Preserving integrity
These simple steps really can help you to identify superb multi-skilled, graduate practitioners, but beware of their other great asset: their capacity for critical, independent thought. Recent graduates may understand the pressures that have persuaded so many companies to blur the boundaries between editorial and advertising. Some may even be willing to acknowledge that the church / state barrier which ensured publishing’s integrity for so long can be adapted to suit modern needs. They have grown up with wrap-around covers on national newspapers; product placement in television drama; advertising that knows their location and sponsored tweets. They appreciate great advertising and they know the most creative campaign does not necessarily promote the best product. Our media saturated world has made the brightest among them sceptical to the verge of acute cynicism.
My best students understand that trust is too precious to squander and that advertisers’ desire to be integrated seamlessly into editorial is one wise publishers must resist.
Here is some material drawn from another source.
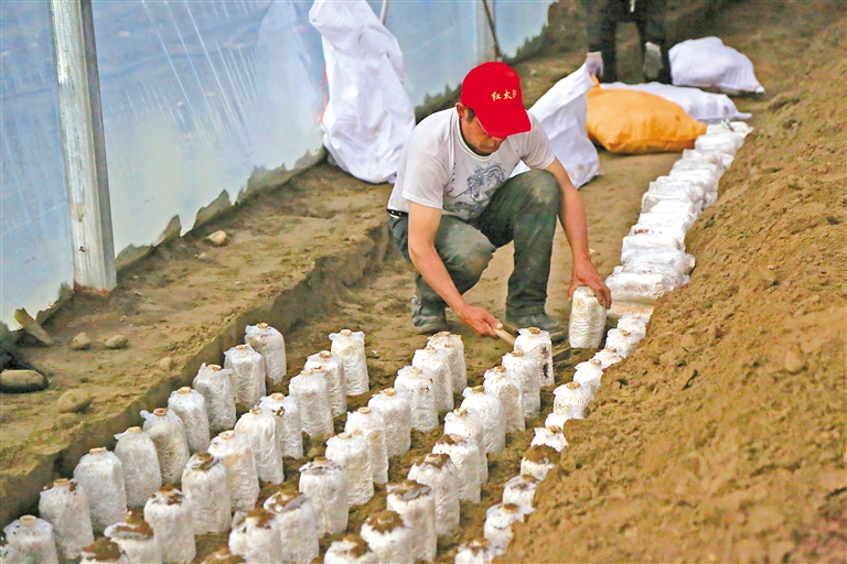 米林市米林鎮(zhèn)紅太陽家庭示范農(nóng)場的工人在埋植林芝靈芝的三級(jí)菌包。記者 謝筱純 攝
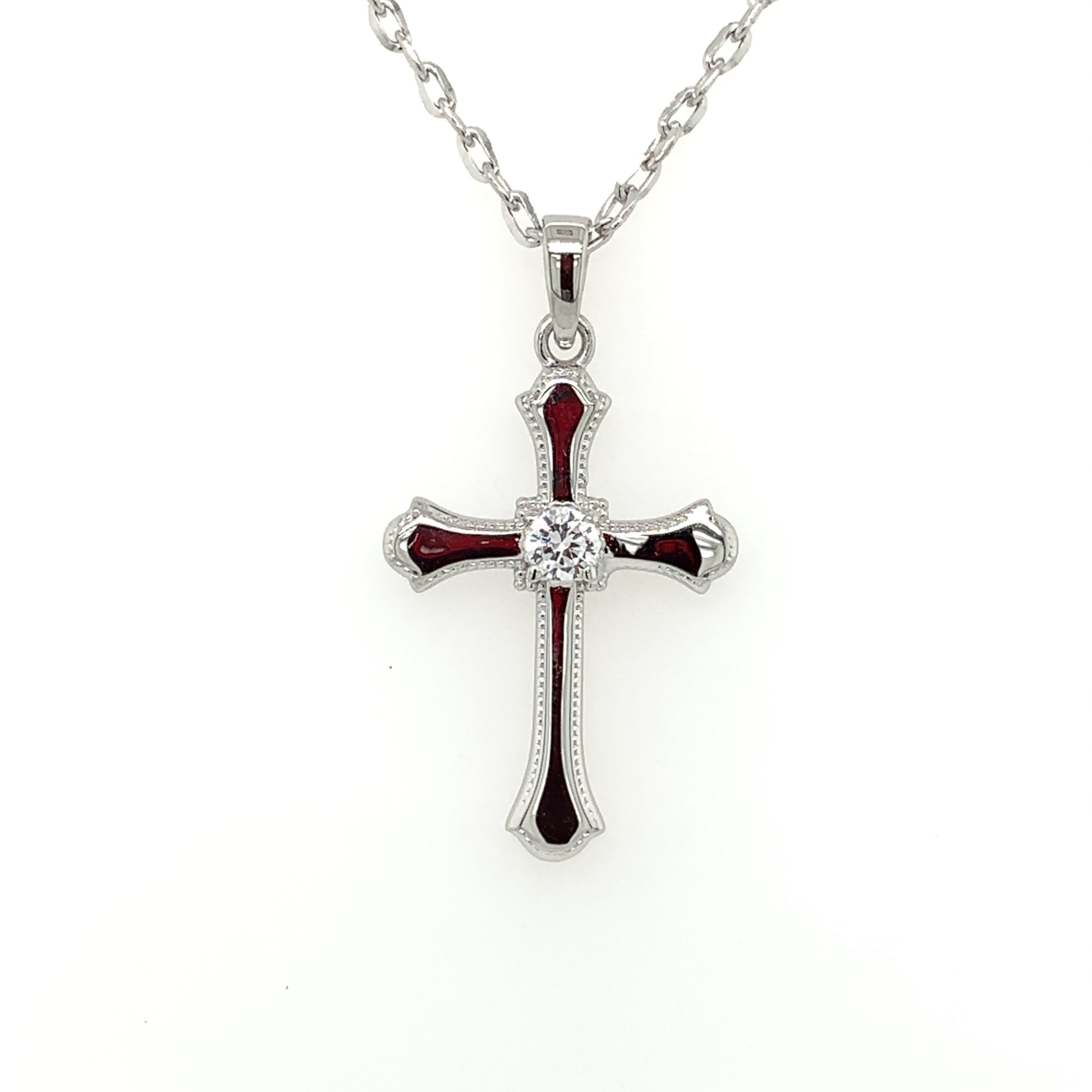 Sterling Silver Cross CZ Centre on 18 inch chain.

It is, after all, a desire which, if satisfied, must inevitably destroy any advantage it might confer. The logic is inescapable. Advertisers crave approval in editorial content because editorial content is independent. They understand that editorial independence confers credibility and that credibility inspires confidence. So, they should also recognise that the moment it loses this quality it will cease to be credible. Native advertising will eat itself.
No matter how quickly, profitably and attractively we can distribute text, images and data in the multimedia era, we must not abandon the principles on which the right to publish freely was secured. Commercial strategies that ignore these principles in pursuit of temporary advantage are fatally flawed. They will be beaten by net natives who understand that, while digital revenues don’t yet match those that flowed in the analogue era, they are rising and they can sustain digital start-ups unburdened by legacy costs. The best graduates can launch their own publishing enterprises if those competing for their services abandon standards.